Une réunion des ministres des affaires féminines et des femmes, sous l’égide de la Communauté économique des Etats de l’Afrique de l’Ouest (CEDEAO) a, à Abidjan en Côte d’Ivoire, décidé en février 2017 que le Conseil des ministres de la communauté économique régionale soit chargé de poursuivre la mise en œuvre de l’égalité des genres. A cet égard, une présentation sera faite sur les questions de genre en Afrique de l’Ouest lors des réunions périodiques du Sommet des Chefs d’Etats. Cette décision devrait faire de l’égalité des genres un élément central des discours socio-économiques et politiques au niveau de la gouvernance dans la région.

En outre, afin de coordonner les efforts de concentration sur le genre et les droits, l’Afrique du Sud a créé une Commission pour l’égalité des genres, soutenue par la Constitution, chargée de “surveiller et évaluer les politiques et les pratiques du gouvernement, du secteur privé et d’autres organisations pour s’assurer qu’ils favorisent et protègent l’égalité des genres”.

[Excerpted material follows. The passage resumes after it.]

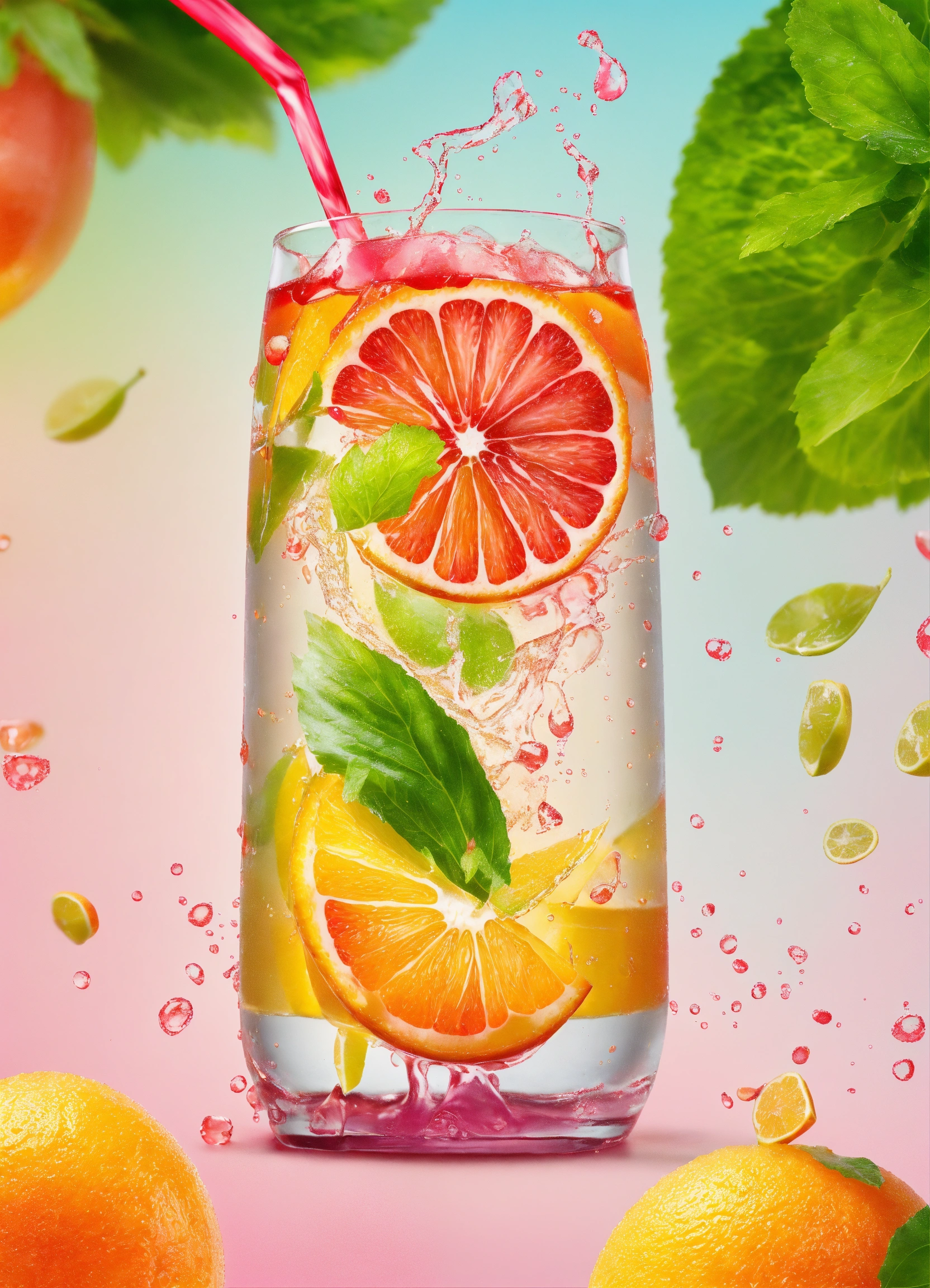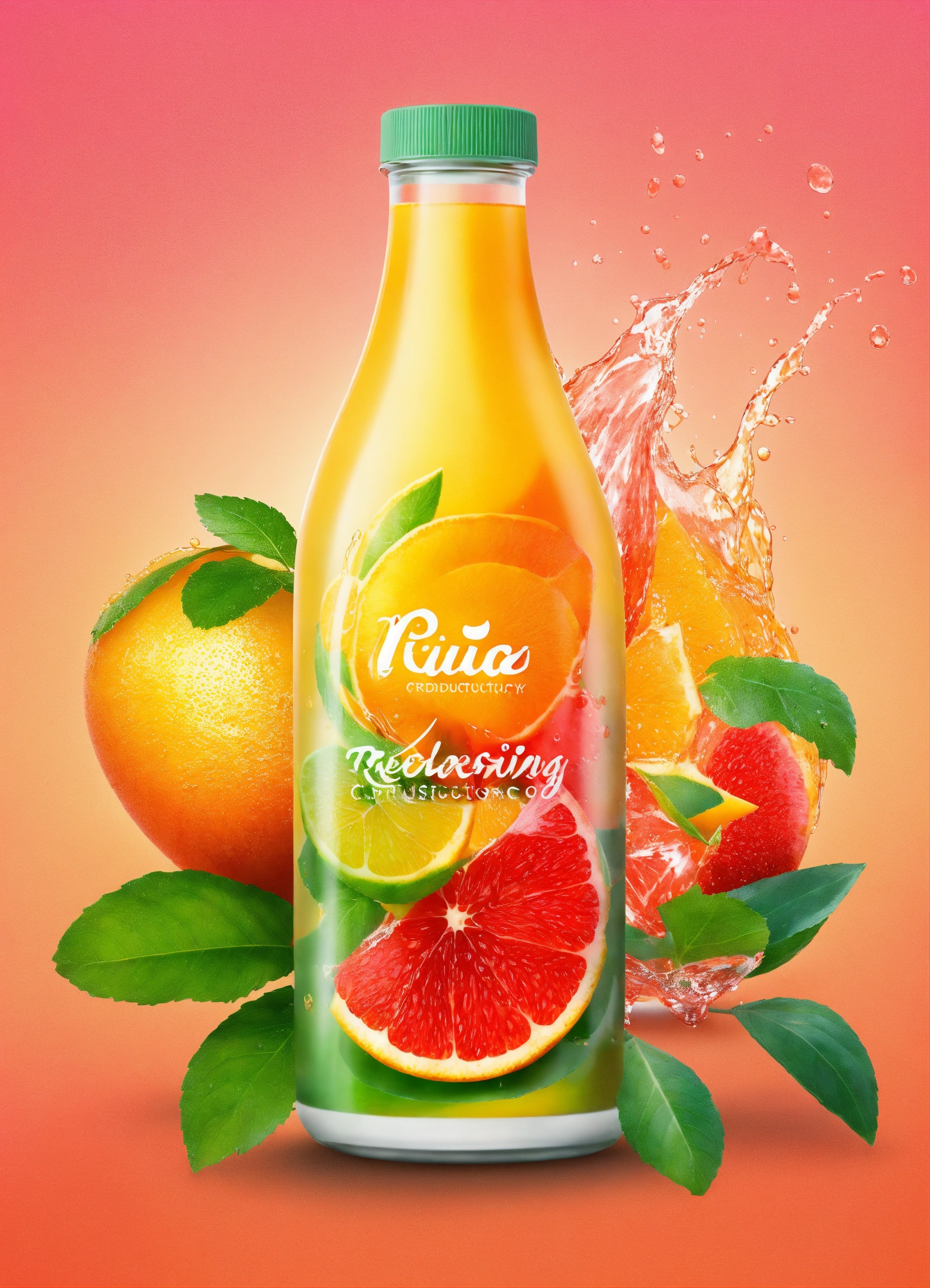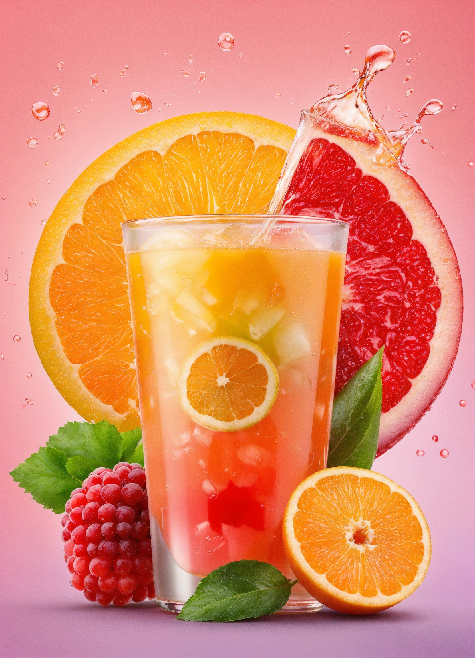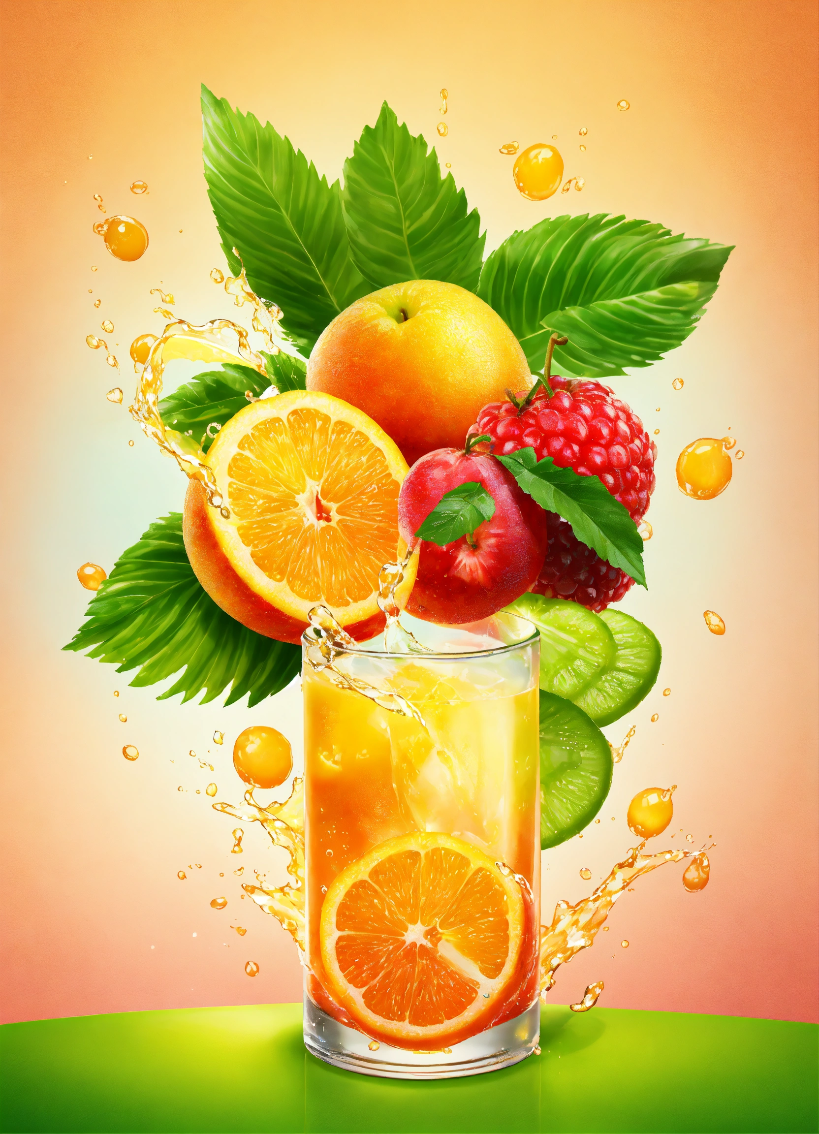 Create logo company subject production of natural refreshing drinks. logo image of a fresh, juicy fruit, from which a refreshing drop of juice flows. bright colors are associated with nature and freshness 8k

Certaines institutions africaines sont déjà en train de joindre l’acte à la parole. United Bank for Africa, un groupe financier panafricain de premier plan, présent dans 20 pays africains, aux États-Unis, au Royaume-Uni et en France, a une forte représentation des femmes, soit au sein de ses Conseils d’administration, soit en tant que directrices générales de filiales, ou cadres supérieurs aux postes clés à travers le Groupe.

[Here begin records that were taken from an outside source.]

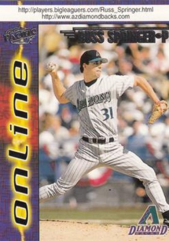 The Russ Springer 1998 Pacific Online #46 Base card is 1 of 4 Russ Springer's card variations in the 1998 Pacific Online set being tracked by Sports Card Investor, including Base Winners, Red, and Web Cards.
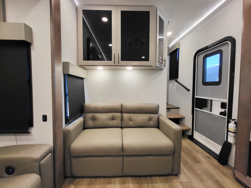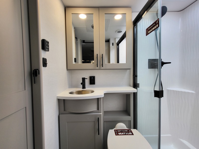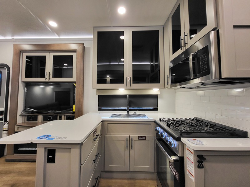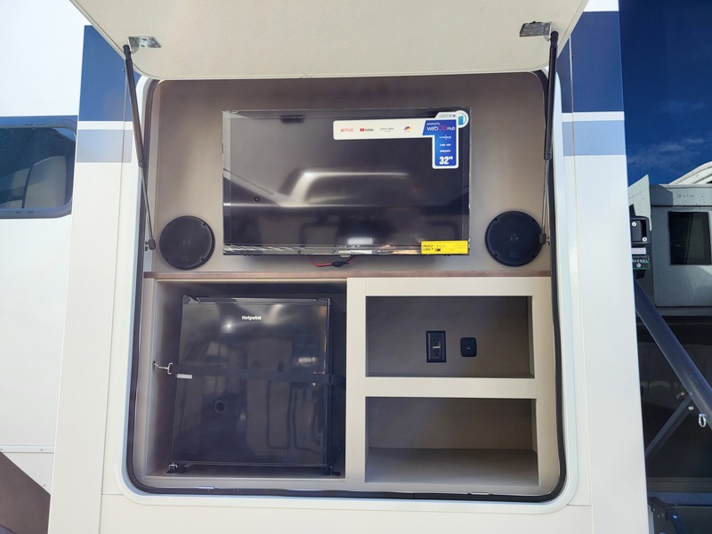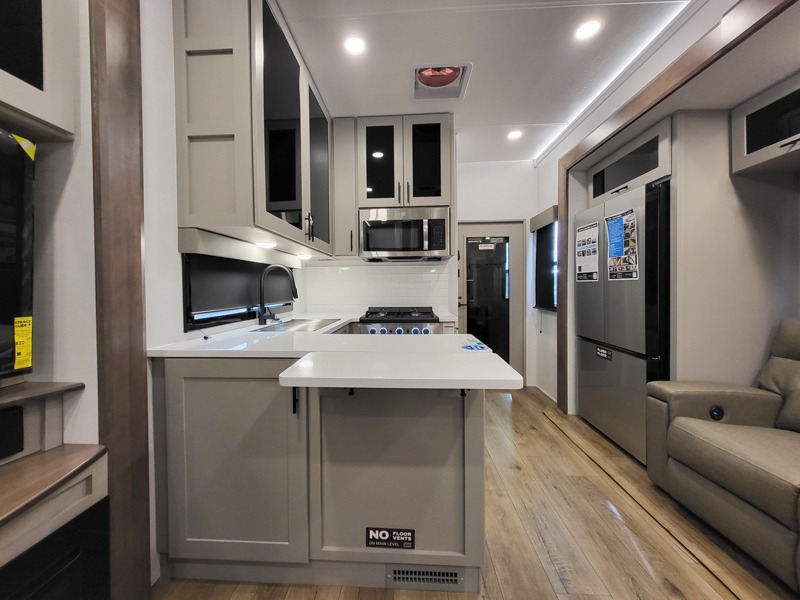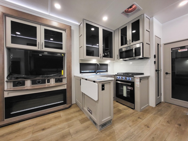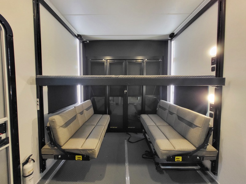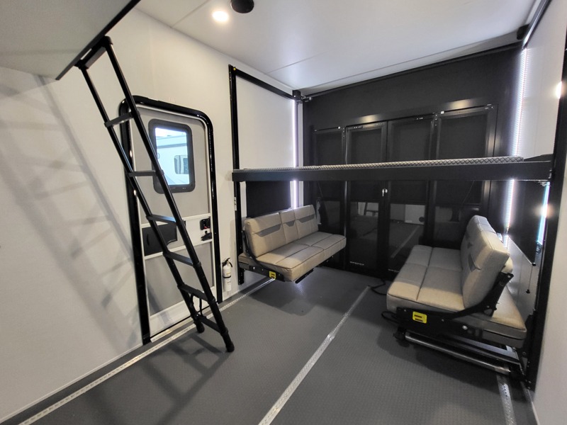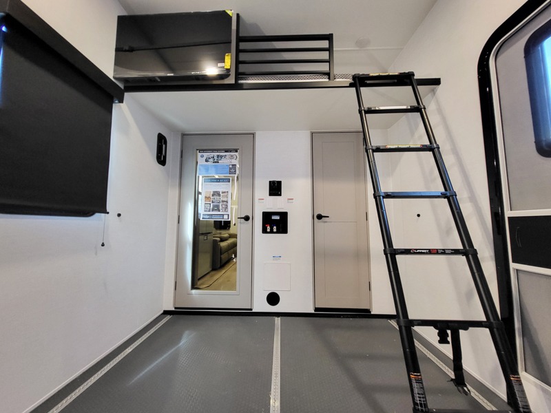 There is room for your off-road toys and the whole family in this toy hauler! The bath and a half makes life more convenient and the dual entry doors create a smooth flow of traffic in and out of the unit. Aside from 13' of garage space and an entrance/exit door, there are also opposing HappiJac sofas with a queen bed above them, a loft that opens to the garage, and a half bathroom. The chef can prepare their best meals with the four burner cooktop while two others sit at the flip up counter with two bar stools. After a fun day on the trails, wash up in the full bathroom with the 48" x 30" shower, grab your pajamas from the front wardrobe or flip top dresser in the front private bedroom then relax on one of the two sofas by the fireplace and 50" HDTV!
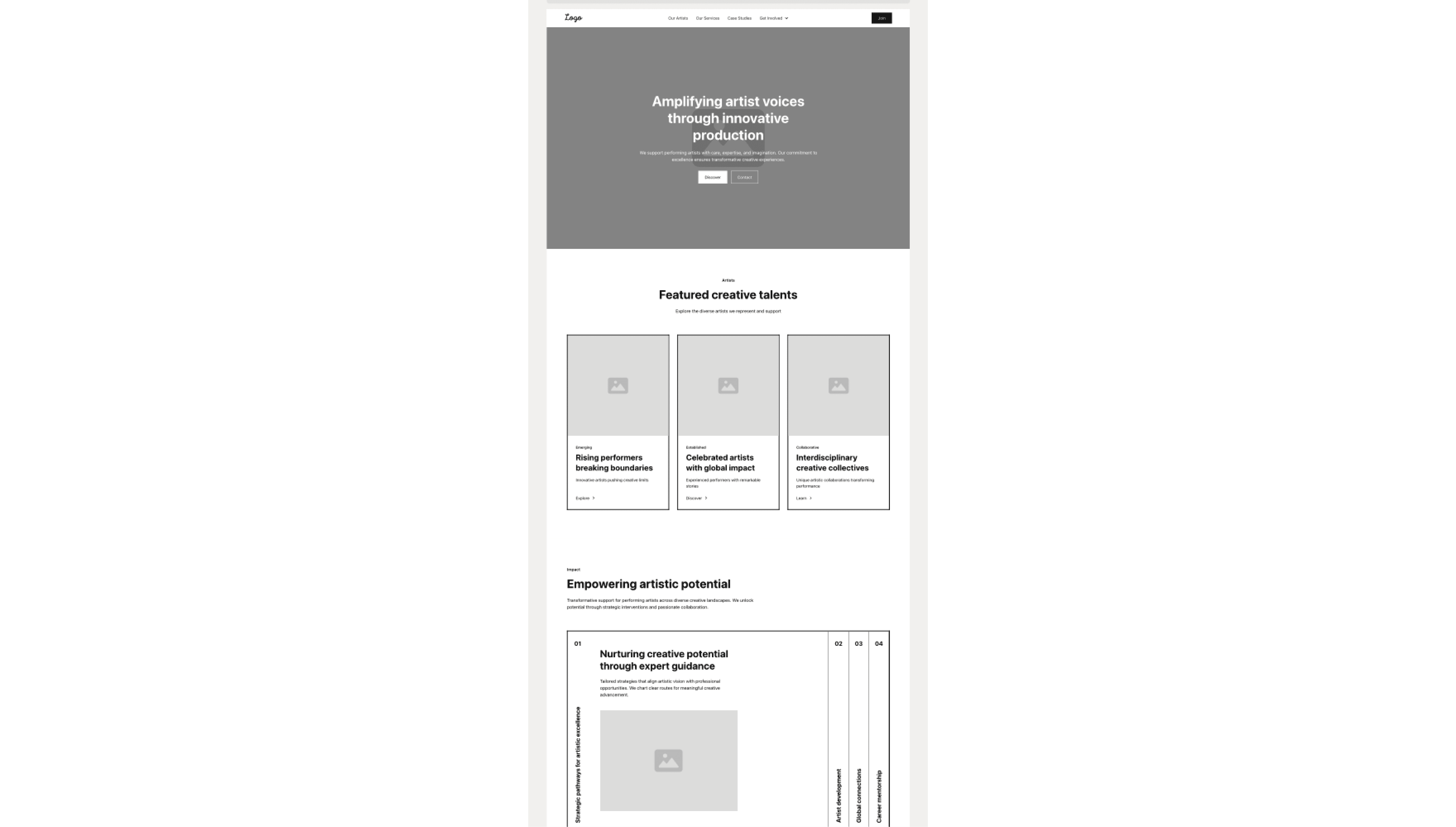 Early homepage wireframe used to establish content hierarchy and section flow prior to high-fidelity design.

En Europe, la tendance est la même. Deux rapports de Reuters sur la France et l’Allemagne illustrent de façon palpable cette tendance. En janvier 2011, le Parlement français a approuvé une loi obligeant les sociétés cotées à la Bourse, avec plus de 500 employés ou des revenus supérieurs à 50 millions d’euros, à allouer au moins 40% des sièges aux femmes dans un délai de 6 ans. Environ 2.000 entreprises bénéficieront de la législation. Auparavant, un rapport parlementaire révélait qu’en 2010, 15% des membres des Conseils des sociétés du CAC 40 étaient des femmes. En Allemagne, en mars 2015, juste avant la Journée de la Femme, la Chambre basse allemande, consciente de la faible représentation des femmes dans les organisations patronales, a adopté une loi sur le ‘système de quotas’ obligeant les plus grandes entreprises allemandes à allouer 30% des sièges d’administrateurs non exécutifs aux femmes. Ironiquement, bien que l’Allemagne ait une chancelière, Angela Merkel, depuis plus d’une décennie, il n’y a aucune femme DG dans les 30 premières entreprises du pays.

Dans l’ensemble, avec toutes ces récentes actions positives nationales et internationales, nous reconnaissons les grands progrès réalisés par les femmes dans le monde entier, dans l’histoire et de nos jours. De toute évidence, avec l’implication, la mobilisation et l’autonomisation économique des femmes, nous pouvons tous en faire plus, et faire avancer la société, plus loin et plus vite.

Enfin, les entreprises, les communautés et les pays doivent continuellement créer un environnement et des structures propices et s’engager dans des actions pour permettre aux femmes d’en faire plus et de viser plus haut. Ainsi, au-delà de la Journée internationale de la femme, le monde se montre respectueux envers toutes les mères, les sœurs, les femmes et les filles! Tous les jours!! Et partout!!